Table 8 KHI Performance testing after heating at 160C and reformulation [0041] As outlined above, multiple experimental testing and modeling phases have been performed to successfully demonstrate that the addition of KHIs can significantly reduce the overall usage of THI, such as MEG, and the size of the corresponding MEG reclamation unit, thereby effectively reducing CAPEX and OPEX. In some configurations, the addition of 1.5 vol.% KHI reduces the MEG usage by 80% and also provides a long induction time without hydrate formation. A series of high-temperature testing was conducted to confirm the reusability of the KHI. Results indicated that the product remains effective and is still functional in inhibiting hydrate formation kinetically.
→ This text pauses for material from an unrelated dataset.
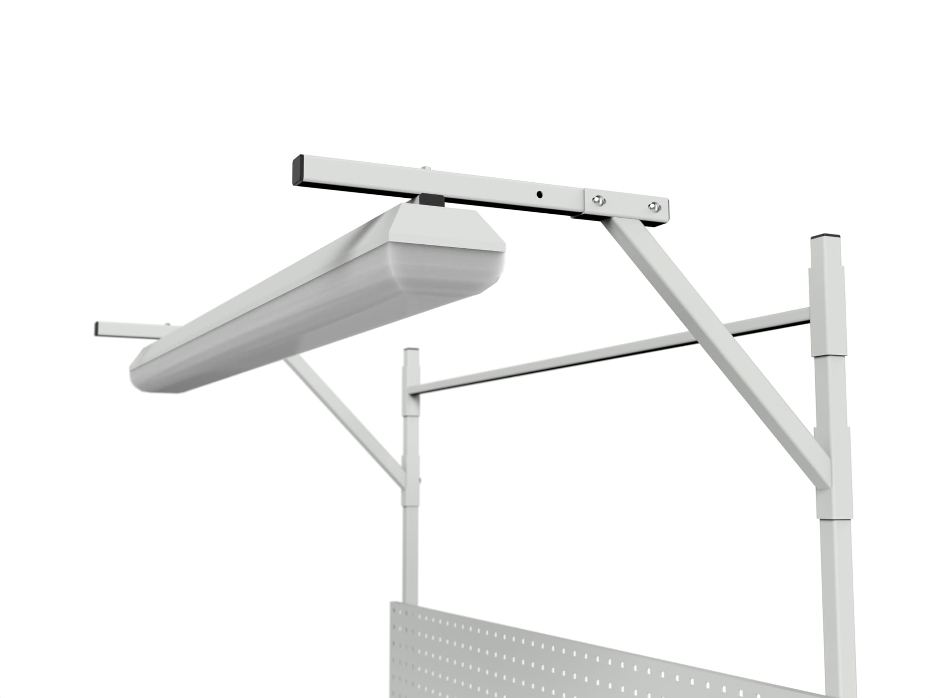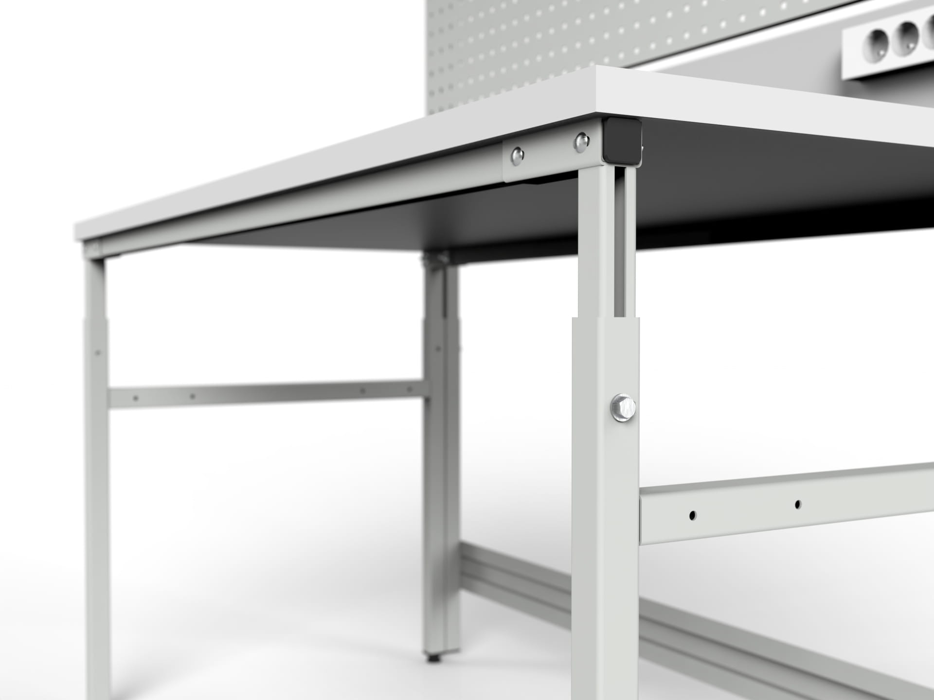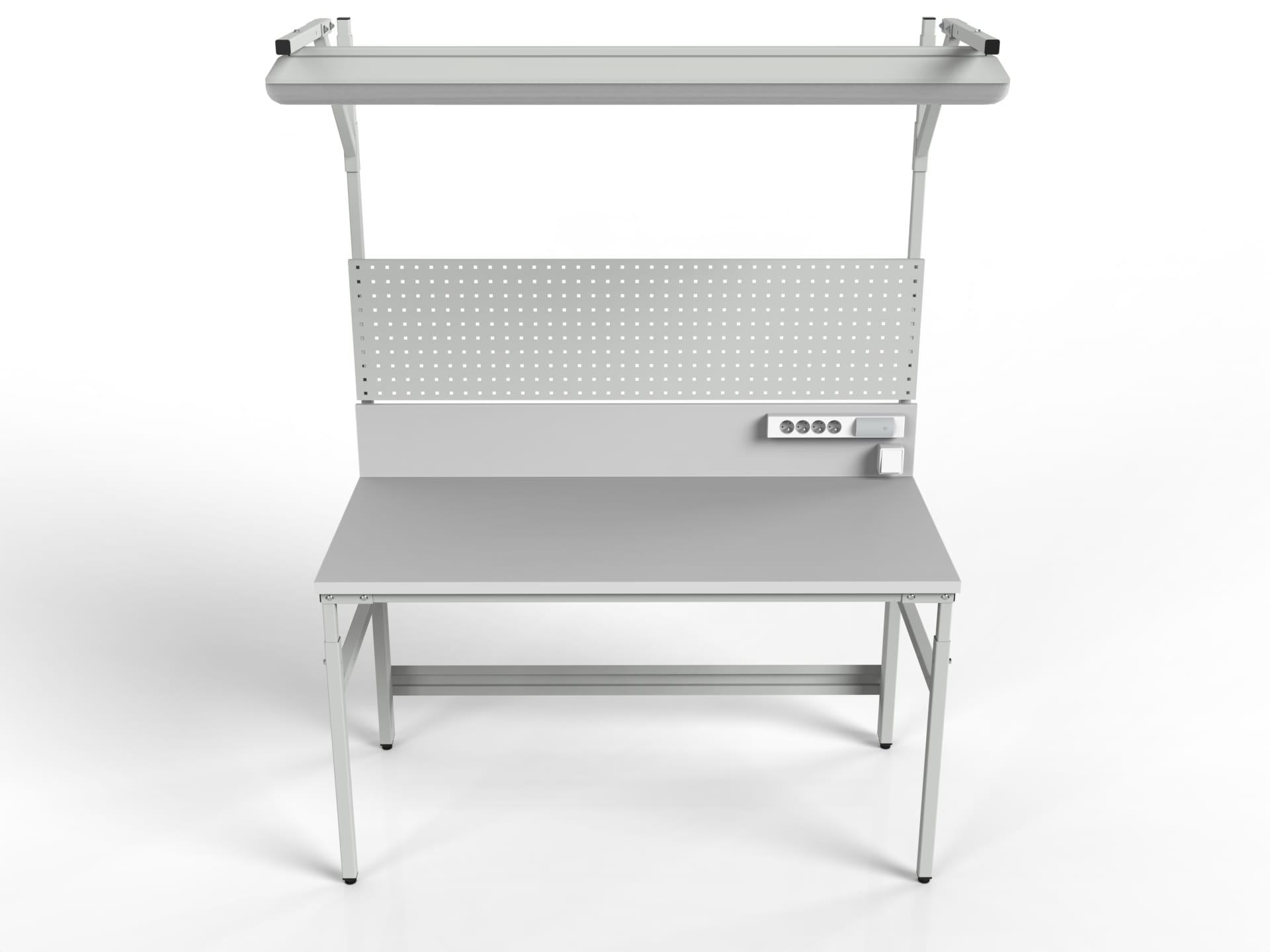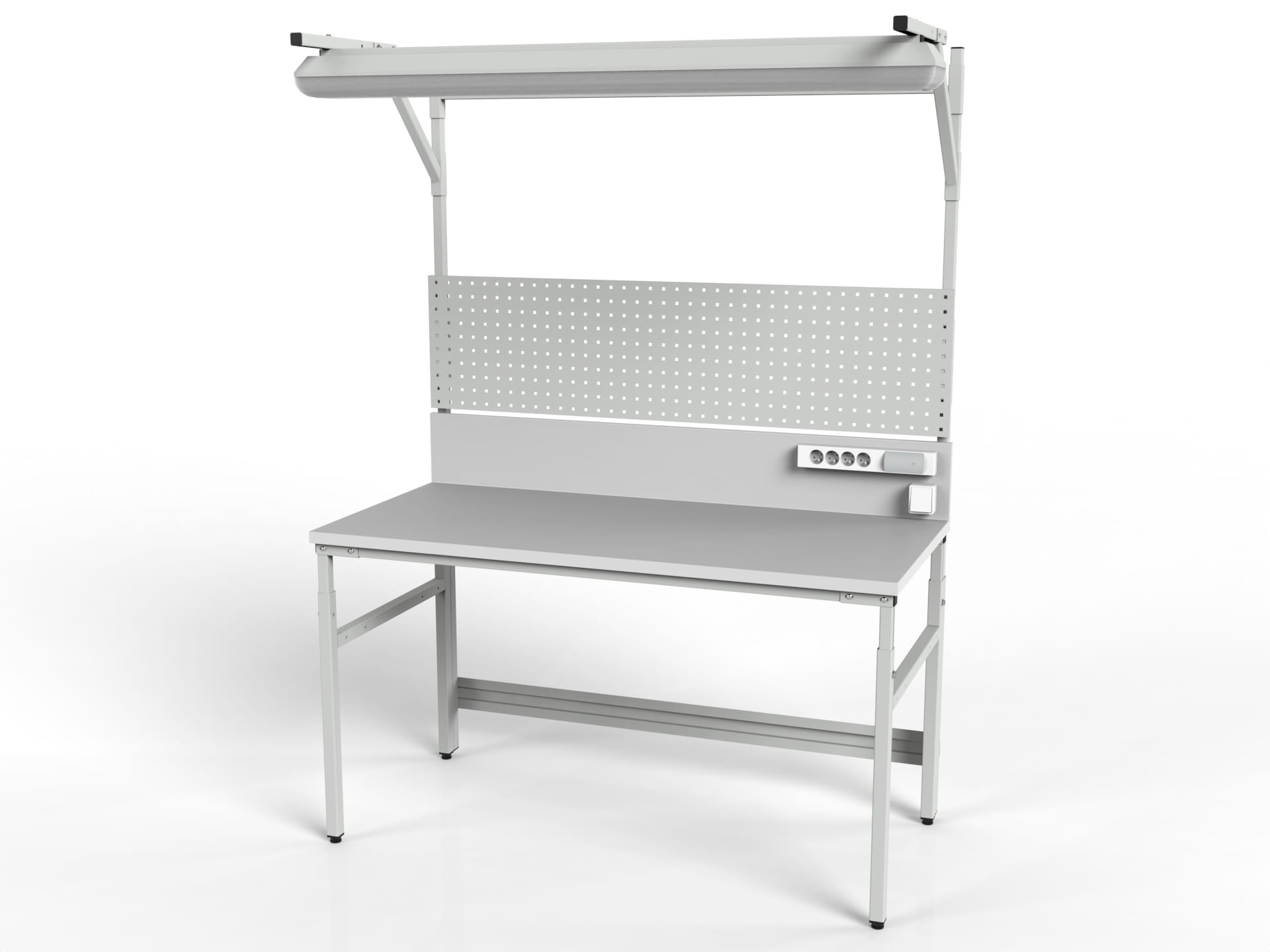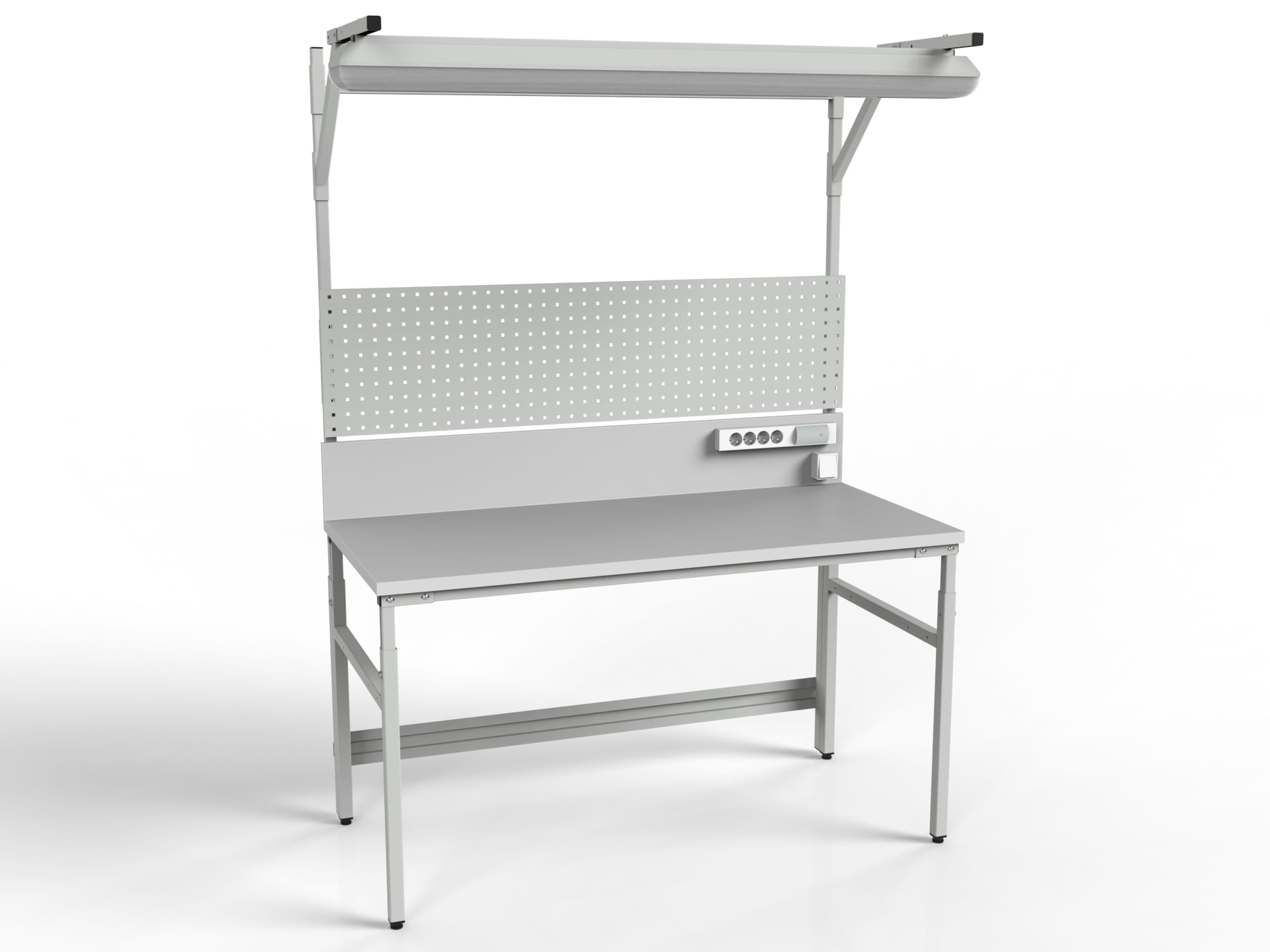 Stół roboczy z regulacją wysokości, centralnym oświetleniem, tylną ścianką, ścianką perforowaną

Therefore, those performance tests demonstrate that methods and systems according to embodiments of the present disclosure enable (1) using KHI and MEG to treat the hydrate problem; (2) reducing the overall MEG usage by adding KHI; and (3) recirculating and reusing the KHI material after being heated in a MEG reclamation system.

[0042] Methods and systems according to the present disclosure enable reduction of costs of a hydrate management system due to the size reduction of the pipeline and the topside MEG recovery facilities, and associated utility systems. Additionally or alternatively, systems and methods of the present disclosure enable the debottlenecking of MEG reclamation systems to accommodate higher water production. Further, in some configurations, systems and/or methods according to the present disclosure include (1) recycling unrecovered KHI back to the wells (such as subsea wells) and flowline along with lean MEG and/or (2) recovering the KHI active components from the process, re-formulating the KHI, and then injecting the recovered KHI to the wells and flowlines with, or separately from, the lean MEG product from the MEG recovery system.
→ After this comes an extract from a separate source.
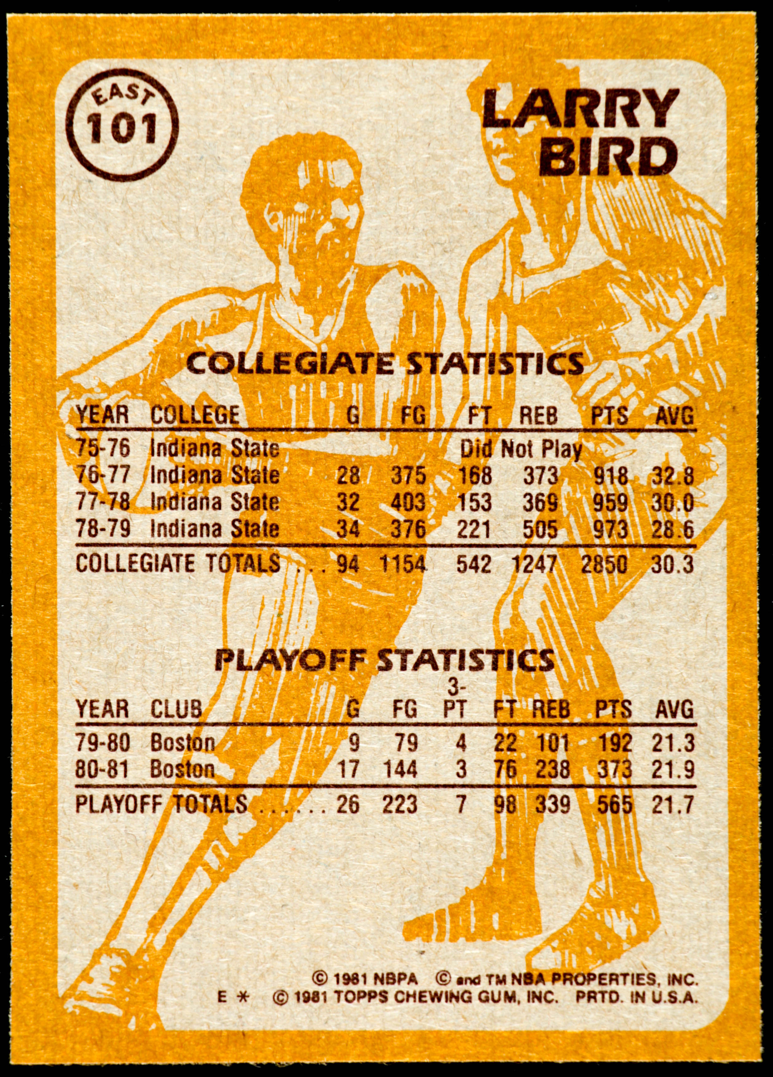 Larry Bird 1981-82 Topps #E101 SA
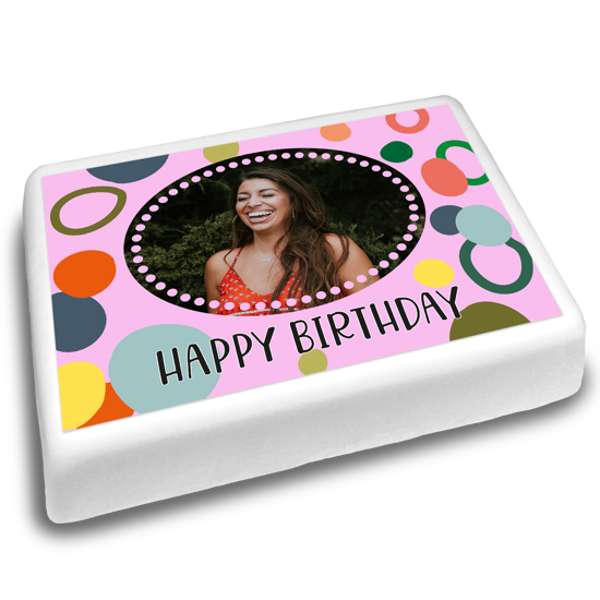 Brighten her birthday with our multi-colour abstract circle pink border topper! This bright and creative design is the perfect way to showcase your favourite photo of the birthday queen! Personalise this birthday cake topper with your chosen photo! Simply pick a photo from your phone, laptop or social feeds to add your custom topper and position it with our easy editor! Finish off your topper with a custom message!

[0043] In some configurations, the KHI is added via an umbilical core, and MEG is delivered via a separate larger lean MEG line. In some configurations, a chemical injection valve (CIMV) enables addition of KHI in the umbilical. In some configurations, the CIMV can be retrofitted to an existing system using MEG injection.
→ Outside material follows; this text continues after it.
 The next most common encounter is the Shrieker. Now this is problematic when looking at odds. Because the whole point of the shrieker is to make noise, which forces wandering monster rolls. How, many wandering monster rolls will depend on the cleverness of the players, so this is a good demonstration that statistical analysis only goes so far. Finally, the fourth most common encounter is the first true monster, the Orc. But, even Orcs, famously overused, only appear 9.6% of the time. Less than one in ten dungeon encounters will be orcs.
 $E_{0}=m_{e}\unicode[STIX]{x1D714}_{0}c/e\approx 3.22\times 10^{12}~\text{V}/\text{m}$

[0044] The specific embodiments described above have been illustrated by way of example, and it should be understood that these embodiments may be susceptible to various modifications and alternative forms. It should be further understood that the claims are not intended to be limited to the particular forms disclosed, but rather to cover all modifications, equivalents, and alternatives falling within the spirit and scope of this disclosure. [0045] In the claims, means-plus-function clauses are intended to cover the structures described herein as performing the recited function and not only structural equivalents, but also equivalent structures. Thus, for example, although a nail and a screw may not be structural equivalents in that a nail employs a cylindrical surface to secure wooden parts together, whereas a screw employs a helical surface, in the environment of fastening wooden parts, a nail and a screw may be equivalent structures. It is the express intention of the applicant not to invoke 35 U.S.C. § 112, paragraph 6 for any limitations of any of the claims herein, except for those in which the claim expressly uses the words ‘means for’ together with an associated function.